Artist Statement

I find myself, like many queer people I know, holding my thoughts and feelings in check around others. And by doing this I have become exhausted by trying to force myself to fit into the expectations of the heterocentric world we live in.   I am creating art that is meant for queer spaces and providing a platform for this marginalized community.  I’m trying to explore the queerness that exists outside traditionally accepted norms. I want to highlight these aspects of my identity that traditionally get push back from those outside our community.  

My work currently it is centered on fiber arts and image transfers. In Invoking queerness, I used bright colors and symbols commonly associated with the queer community and added layers of images from my friends in ways that they most represent queerness in their own minds. In the series Portraits of a man I don’t know, I have used the medium of embroidery to do linework portraits of my father on found materials. I am talking about the struggles with understanding parts of his past kept hidden from me until after his death and how that could have changed our family life. In distortion of memory, I continue this discussion by slowly distorting his image on slowly unraveling fabric. This is to show how my understanding of his has been distorted and changed from the new information and how his life seems to be unraveling before me. The series A Life not lived, is based on images from the queer community in the places my father lived, in the time that he lived there. I have used a processes of image transfers with resists to signify his absence from those places.

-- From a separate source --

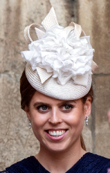 Princess Beatrice’s white parasisal button percher with flowers & bows by Jess Collett worn May 18
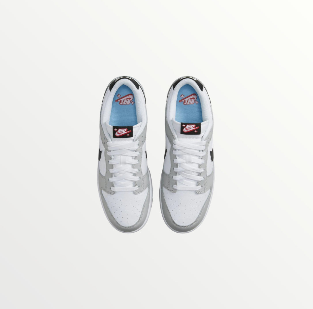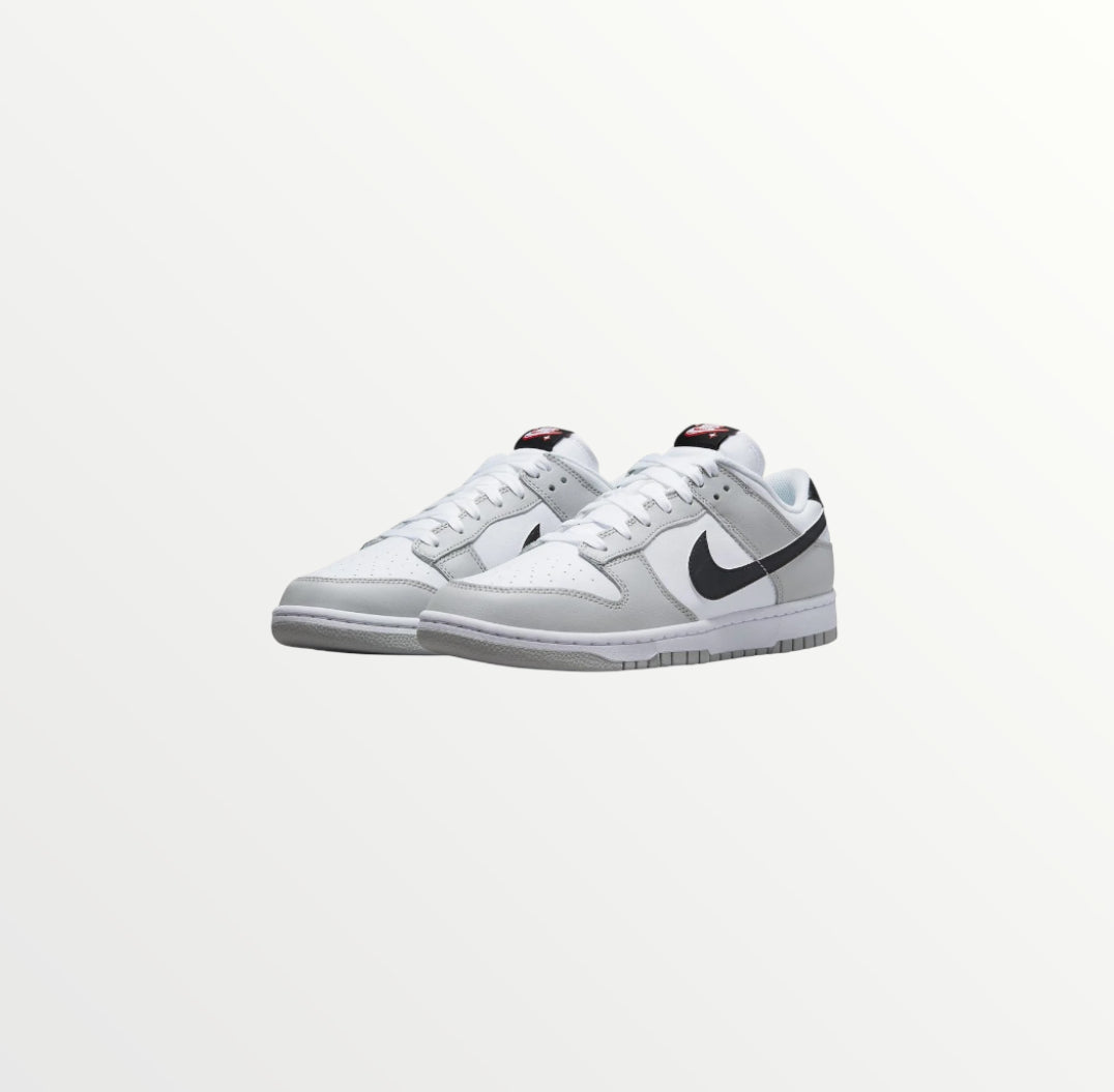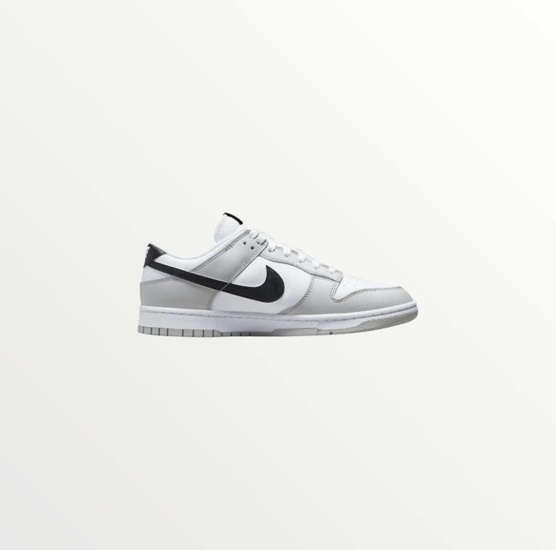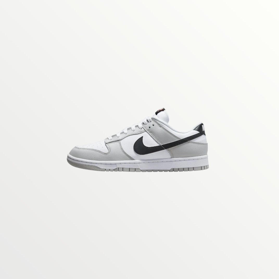 The Nike Dunk Low SE Lottery Pack - Grey Fog is a special edition sneaker featuring a white and grey leather upper with a black Swoosh. The standout detail is the scratch-off Swoosh, which reveals a hidden design underneath. With a white midsole and grey outsole, it blends classic style with an interactive element. Released on August 31, 2022, it’s a unique pick for sneaker fans.

  I have been influenced by the work of many artists including Felix Gonzalez-Torres, Keith Haring, Tom of Finland, George Platt Lynes, and Robert Mapplethorpe. These artists helped push the conversation about queer culture into the art world and I am trying to honor their work while pushing forward with my own part in this conversation. Currently I am looking at artists Like Aaron McIntosh, L.J. Roberts, John Thomas Paradiso, and Michael Espenoza. Like these artists, much of my subject matter addresses the honoring of queer historical narratives, the world of queer fetish or tackling ideas of conversion therapy and the idea of a life not lived. I do this by creating new objects to push the dialogue forward and by distorting images from the past to highlight missing information.